The following are bits of code that primarily serve as teaching tools and reminders.

Helpful bash commands

man bash_command
Although I give examples of commands below with a short description, this only scratches the surface of what they can do. If you have questions regarding a command, you should always check the man pages about the command. These pages provide the full documentation for all bash commands. If there are still questions after viewing the man pages, there is always Google and stackoverflow.

cd
Executed by itself will bring you to your home directory, while adding a path after cd will bring you to that directory.

cd ..
Changes directory to one-up the directory hierarchy

cp file_name path_to_new_directory
Copies a file from you current directory and places in a different directory.

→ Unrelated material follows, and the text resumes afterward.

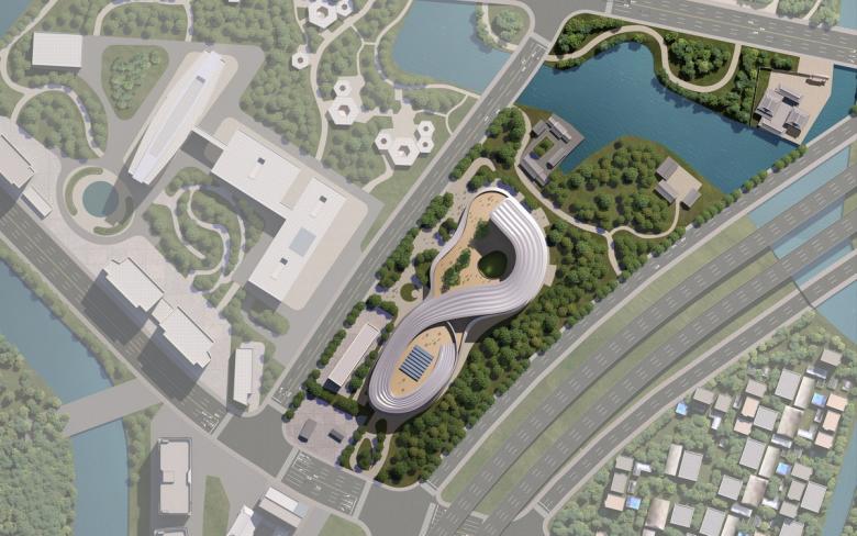 The design of this case integrates the concept of ‘Eye Valley + Infinity’, cleverly combining the mathematical symbol of infinity ‘∞’ in space, forming the intention of ‘Eye Valley’, and at the same time, implying that China Eye Valley's infinite development possibilities, integrating the project's growth and Eye Valley's planning and development. It creates an exhibition building with comfortable public spaces and a hotel building with excellent views. The organic combination of high-end exhibition and boutique hotel creates the image landmark of China Eye Valley town and the science and innovation corridor around Daluoshan.

mv file_name path_to_new_directory
Does the same thing as cp, but does not make a copy and just moves the file.

head file_name
Prints the first few lines of a file. Add -n # after the file name and it will return the specified number of lines starting from the top of the file.

tail file_name
Same as head command, but prints the last few lines of the file. You can also include the -n # to specify the number of lines to return.

pwd
Returns the path to the current directory.

cat file_name | grep -c "string"
Opens a file and then searches to file to count the occurrences of a string.

cat file_name | grep 'string'
Instead of counting, this searches a file for a particular string.

ls
Lists the files and directories in the current directory.

ls -s
Adding -s lists the files and directories, but also includes sizes.

ls -d */
Lists only the directories in the current directory.

ls | grep -c 'string'
Lists all files in a directory and then returns only those with a particular string.

ls *string | sort
Lists all the files in a directory containing the specified string and then sorts them alphabetically. I typically use this to generate slurm array file lists to process fastqs (need to add > file_name to save the list to a file. I also use the command with | cat *string > file_name to concatenate fastq files for genome/transcriptome assemblies.

history
Returns the last hundred or so commands issued.

history | grep 'string'
I usually combine history with grep to look for specific commands that I previously executed.

rm file_name
Delete a file

cat file_name | grep -Anumber 'string'
Searches a file for a string and returns the line with the string AND number lines after the string.

    for FILE in *file_ending; do
        mv -v "$FILE"  
        "${FILE//string_to_replace/new_string}";
    done

Loops through the current directory files with file_ending, changes string_to_replace to new_string.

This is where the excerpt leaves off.